Source information:
###

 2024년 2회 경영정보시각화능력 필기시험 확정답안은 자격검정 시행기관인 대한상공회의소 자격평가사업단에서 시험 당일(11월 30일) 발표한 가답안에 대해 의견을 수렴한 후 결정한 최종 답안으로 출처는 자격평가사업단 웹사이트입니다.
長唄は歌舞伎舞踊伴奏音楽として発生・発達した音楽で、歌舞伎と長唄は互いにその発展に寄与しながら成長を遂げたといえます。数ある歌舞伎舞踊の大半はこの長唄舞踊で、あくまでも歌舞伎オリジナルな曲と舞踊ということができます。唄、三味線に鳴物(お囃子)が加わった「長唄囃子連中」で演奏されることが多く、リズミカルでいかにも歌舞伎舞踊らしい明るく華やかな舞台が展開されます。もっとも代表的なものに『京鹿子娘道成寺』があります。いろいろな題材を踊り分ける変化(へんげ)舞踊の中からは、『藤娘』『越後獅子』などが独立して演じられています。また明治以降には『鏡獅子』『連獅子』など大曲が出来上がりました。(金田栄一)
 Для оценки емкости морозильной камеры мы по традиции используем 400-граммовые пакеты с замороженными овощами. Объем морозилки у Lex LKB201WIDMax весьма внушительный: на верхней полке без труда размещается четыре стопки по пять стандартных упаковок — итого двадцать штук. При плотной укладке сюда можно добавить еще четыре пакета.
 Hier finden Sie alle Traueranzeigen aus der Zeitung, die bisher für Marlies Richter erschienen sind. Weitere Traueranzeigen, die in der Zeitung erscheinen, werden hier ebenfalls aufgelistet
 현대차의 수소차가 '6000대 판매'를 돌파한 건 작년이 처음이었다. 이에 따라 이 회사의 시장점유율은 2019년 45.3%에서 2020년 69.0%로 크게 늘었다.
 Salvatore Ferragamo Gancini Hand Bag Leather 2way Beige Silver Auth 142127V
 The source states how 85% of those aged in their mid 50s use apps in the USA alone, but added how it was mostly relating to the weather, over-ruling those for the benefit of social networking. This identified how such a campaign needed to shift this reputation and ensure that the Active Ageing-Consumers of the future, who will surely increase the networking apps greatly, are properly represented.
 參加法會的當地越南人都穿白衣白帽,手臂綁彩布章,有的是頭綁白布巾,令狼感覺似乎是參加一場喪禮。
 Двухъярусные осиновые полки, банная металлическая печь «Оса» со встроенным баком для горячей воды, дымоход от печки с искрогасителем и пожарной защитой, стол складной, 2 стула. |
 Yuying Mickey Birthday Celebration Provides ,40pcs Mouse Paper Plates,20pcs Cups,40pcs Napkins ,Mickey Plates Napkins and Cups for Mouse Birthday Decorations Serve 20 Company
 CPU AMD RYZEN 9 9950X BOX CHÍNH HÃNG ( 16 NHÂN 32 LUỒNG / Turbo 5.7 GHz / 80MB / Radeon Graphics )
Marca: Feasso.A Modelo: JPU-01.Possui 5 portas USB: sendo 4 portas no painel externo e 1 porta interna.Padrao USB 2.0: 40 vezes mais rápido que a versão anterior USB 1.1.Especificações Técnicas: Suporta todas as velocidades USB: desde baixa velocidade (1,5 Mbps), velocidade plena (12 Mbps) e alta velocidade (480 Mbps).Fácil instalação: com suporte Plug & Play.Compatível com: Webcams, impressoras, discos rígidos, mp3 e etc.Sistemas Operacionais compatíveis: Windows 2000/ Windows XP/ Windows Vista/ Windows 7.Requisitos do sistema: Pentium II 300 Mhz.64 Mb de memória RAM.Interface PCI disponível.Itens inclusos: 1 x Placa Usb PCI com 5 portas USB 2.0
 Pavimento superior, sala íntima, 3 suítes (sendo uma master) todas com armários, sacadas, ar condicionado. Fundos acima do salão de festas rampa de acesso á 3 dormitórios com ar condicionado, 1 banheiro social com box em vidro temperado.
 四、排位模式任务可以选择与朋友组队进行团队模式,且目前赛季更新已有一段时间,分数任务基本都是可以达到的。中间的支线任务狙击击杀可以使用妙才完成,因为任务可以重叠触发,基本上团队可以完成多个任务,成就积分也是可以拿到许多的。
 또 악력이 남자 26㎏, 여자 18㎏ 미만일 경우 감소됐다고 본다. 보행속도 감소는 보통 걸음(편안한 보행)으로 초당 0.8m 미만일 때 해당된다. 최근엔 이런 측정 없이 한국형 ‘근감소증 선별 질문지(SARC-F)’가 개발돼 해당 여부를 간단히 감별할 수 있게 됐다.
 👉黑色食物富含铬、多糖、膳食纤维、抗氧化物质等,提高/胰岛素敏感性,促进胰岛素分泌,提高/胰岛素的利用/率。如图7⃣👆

###

What you are asked to do: Find every line above that includes the word "todas", then state how many there are and nothing more.

Written response: 2